05 de junho, de 2026 | 07:00
O Martini e a canonização de um símbolo: quando um coquetel se torna maior do que a própria coquetelaria
Abner Benevenuto Araújo Paixão *
Poucos coquetéis alcançaram o status cultural do Dry Martini. Seu nome atravessou gerações, ocupou as telas do cinema, frequentou hotéis históricos, tornou-se presença constante na literatura especializada e passou a ser associado à elegância, ao refinamento e ao domínio técnico. Para muitos profissionais e entusiastas, o Martini não é apenas uma bebida, mas uma referência. Em alguns casos, parece até mesmo uma medida pela qual toda a coquetelaria é julgada.Essa centralidade desperta uma questão interessante: como um único coquetel passou a ocupar tamanho espaço dentro de uma tradição construída por dezenas de famílias, técnicas e estilos? A pergunta não busca diminuir a importância do Martini. Sua relevância histórica é indiscutível. O que merece atenção é a transformação de um clássico em um símbolo tão poderoso que, por vezes, parece representar sozinho um universo muito maior do que ele próprio.
A história da coquetelaria é vasta. Ela não nasce com o Martini nem encontra nele seu único ápice. Ao longo de séculos, diferentes povos e culturas desenvolveram formas de combinar destilados, vinhos, açúcares, especiarias, frutas e ervas. Muito antes de o Martini se consolidar como ícone, famílias inteiras já ajudavam a definir os fundamentos da bebida mista.

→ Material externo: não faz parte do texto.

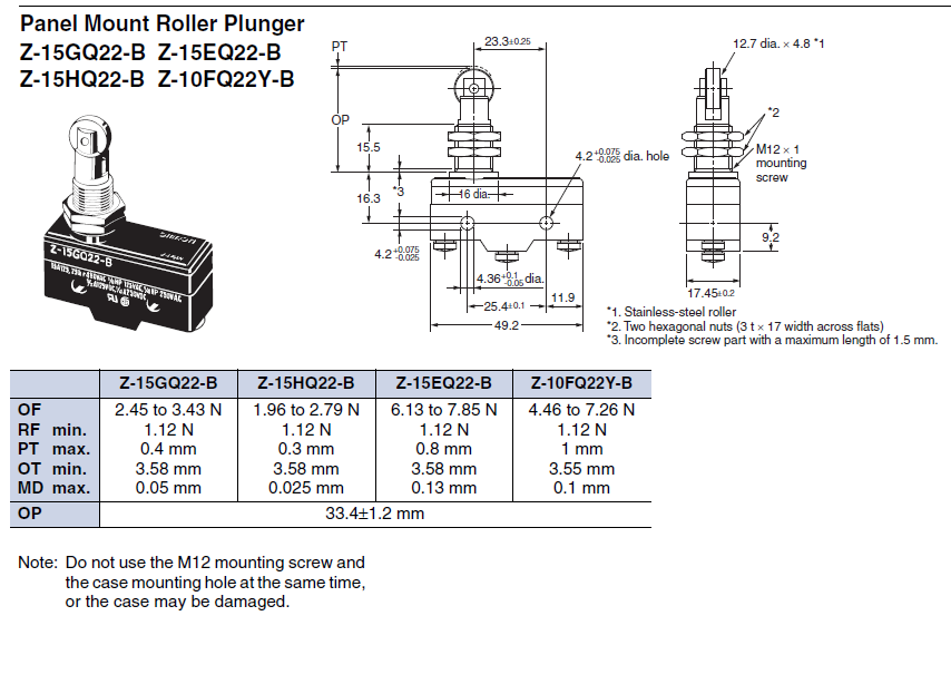 + Cơ cấu tác động: Panel mount roller plunger (12.7 * 4.8 dia., chống gỉ)
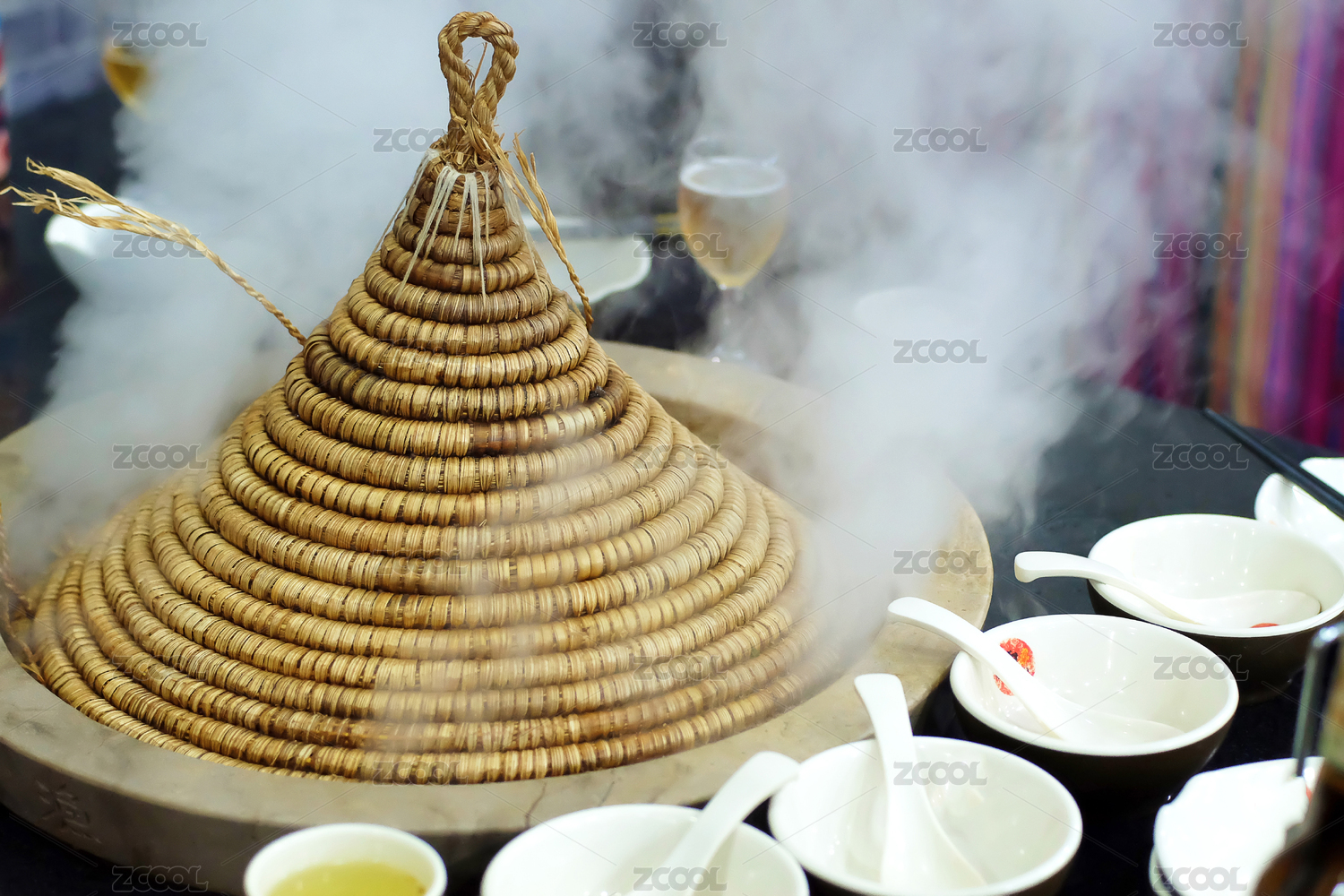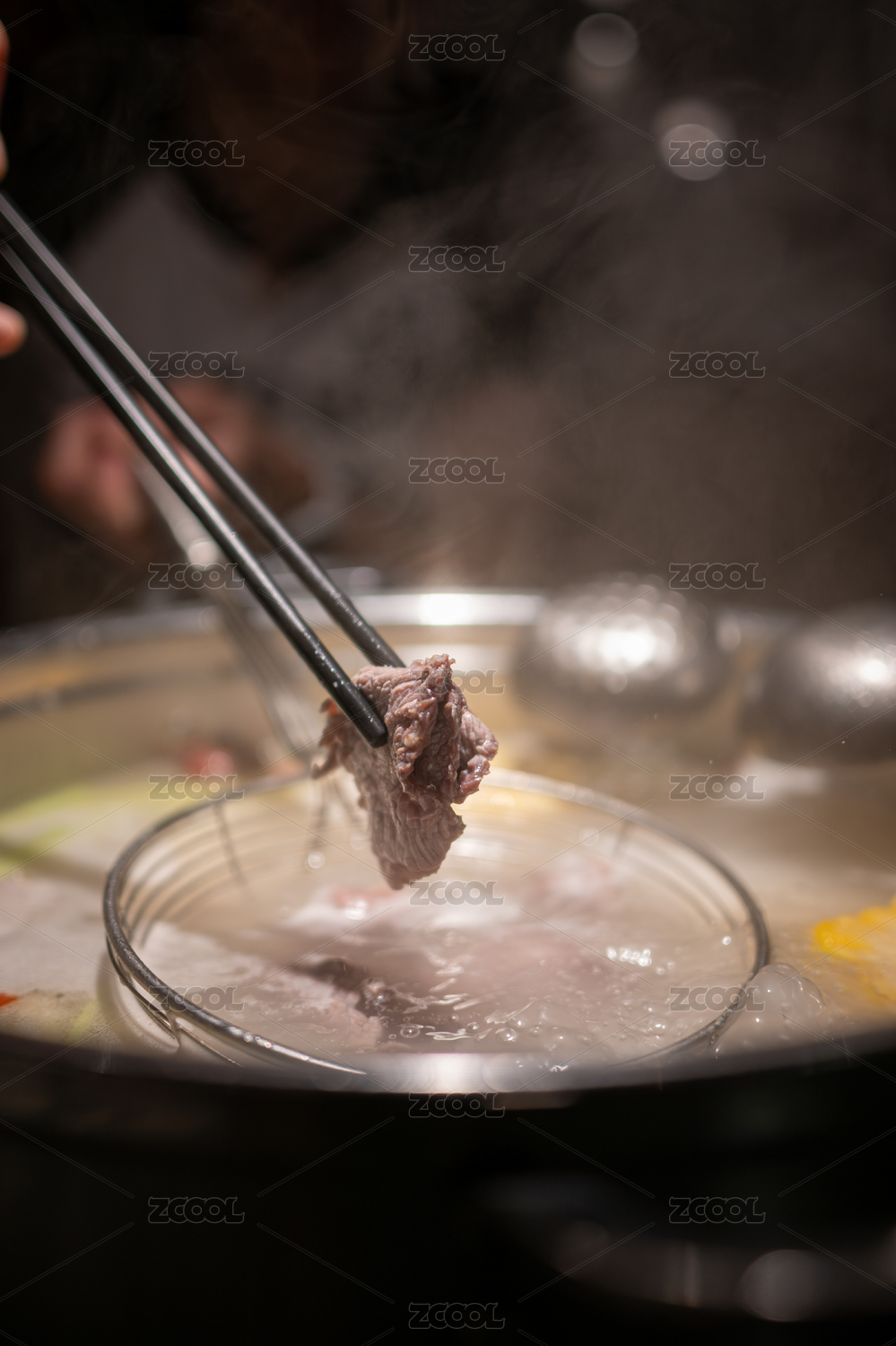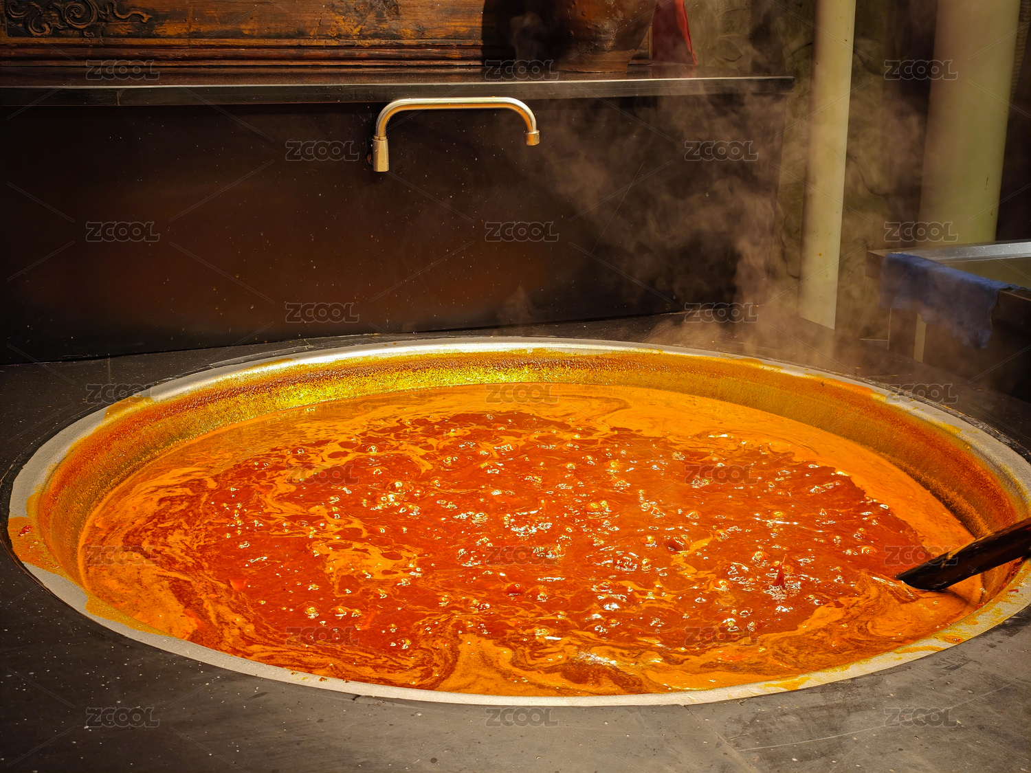 火鍋下菜特寫(xiě)與燒開(kāi)的火鍋底料

Os Punches estabeleceram uma lógica coletiva de consumo e equilíbrio. Os Sours consolidaram uma das estruturas mais influentes da coquetelaria clássica: a relação entre álcool, acidez e dulçor. Collins, Fizzes, Daisies, Flips, Cobblers, Juleps e Highballs ampliaram repertórios técnicos e sensoriais que permanecem vivos até hoje. Apesar disso, poucas dessas famílias alcançaram o mesmo prestígio simbólico do Martini.
O que merece atenção é a transformação
de um clássico em um símbolo tão poderoso”
Talvez a explicação esteja menos na composição da bebida e mais na construção de sua imagem. Ao longo do século XX, o Martini foi associado à sofisticação, ao consumo de luxo, à vida urbana e a padrões de comportamento ligados às elites econômicas e culturais. Sua presença constante em filmes, campanhas publicitárias, hotéis e restaurantes ampliou sua influência para além dos bares. Poucos coquetéis foram tão bem-sucedidos em transformar uma receita em símbolo cultural.
O ponto central da questão não é a relevância do Martini, mas a forma como ela costuma ser apresentada. Em livros, cursos e discussões profissionais, é comum encontrá-lo tratado como síntese da excelência coqueteleira. Essa abordagem tende a concentrar em um único coquetel atributos que pertencem a uma tradição muito mais ampla.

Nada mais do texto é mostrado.